● **TASK REQUIREMENTS**
Leave every picture out, and print the full listing again exactly.

● **DATA BELOW**
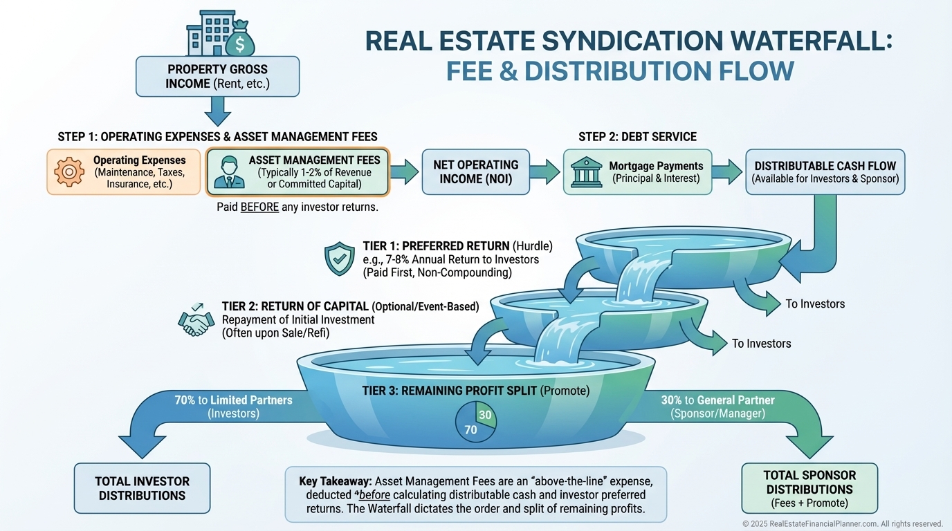 Asset management fees are typically paid before investor distributions are calculated. That means they reduce cash flow before preferred returns are considered.
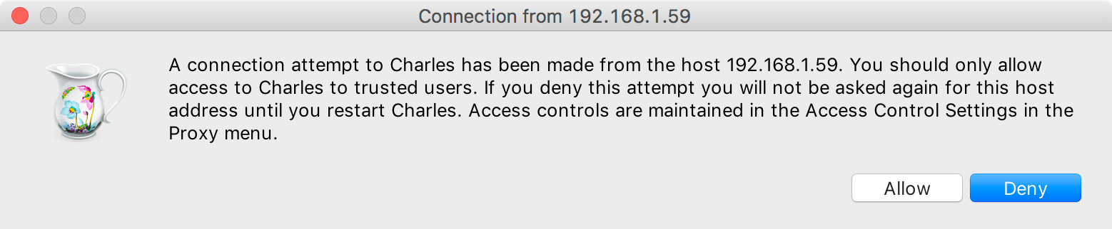 This is to allow the device permission to utilize Charles on our computer as a proxy. Click Allow.
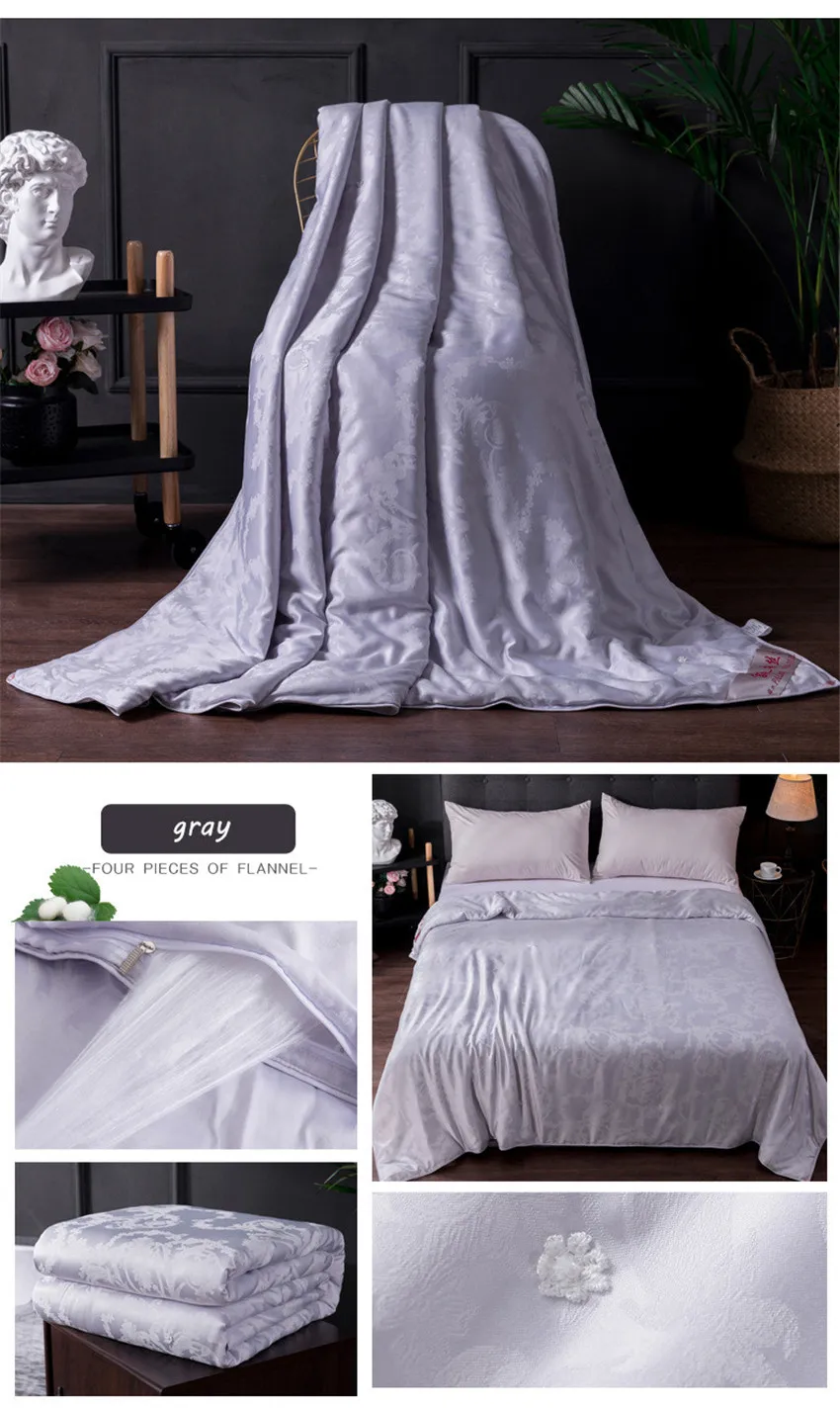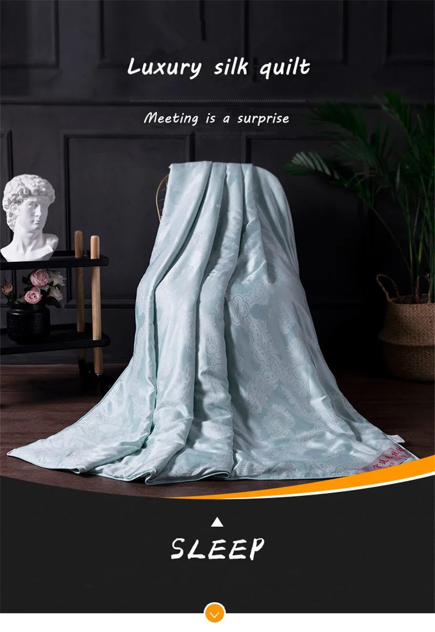 Название: Модал шелковое одеяло ручной работы Материал: 55% шелк + 45% хлопок Ткань: вискозное волокно Размеры: 200*230 см Вес: 1750 г Особенности: Этот шелк изготовлен вручную через 52 процесса. Одеяло мягкое, шелковистое и плотное. От выращивания листьев тутового дерева до экстракции шелка, литья одеяла, от материалов до производственных процессов, мы очень сложные, потому что мы преследуем зеленый, экологически чистый, удобный и классический! Посылка: 1 шелковое одеяло, не содержит украшений.

● **FINISHED TASK**
 Asset management fees are typically paid before investor distributions are calculated. That means they reduce cash flow before preferred returns are considered.
 This is to allow the device permission to utilize Charles on our computer as a proxy. Click Allow.
 Название: Модал шелковое одеяло ручной работы Материал: 55% шелк + 45% хлопок Ткань: вискозное волокно Размеры: 200*230 см Вес: 1750 г Особенности: Этот шелк изготовлен вручную через 52 процесса. Одеяло мягкое, шелковистое и плотное. От выращивания листьев тутового дерева до экстракции шелка, литья одеяла, от материалов до производственных процессов, мы очень сложные, потому что мы преследуем зеленый, экологически чистый, удобный и классический! Посылка: 1 шелковое одеяло, не содержит украшений.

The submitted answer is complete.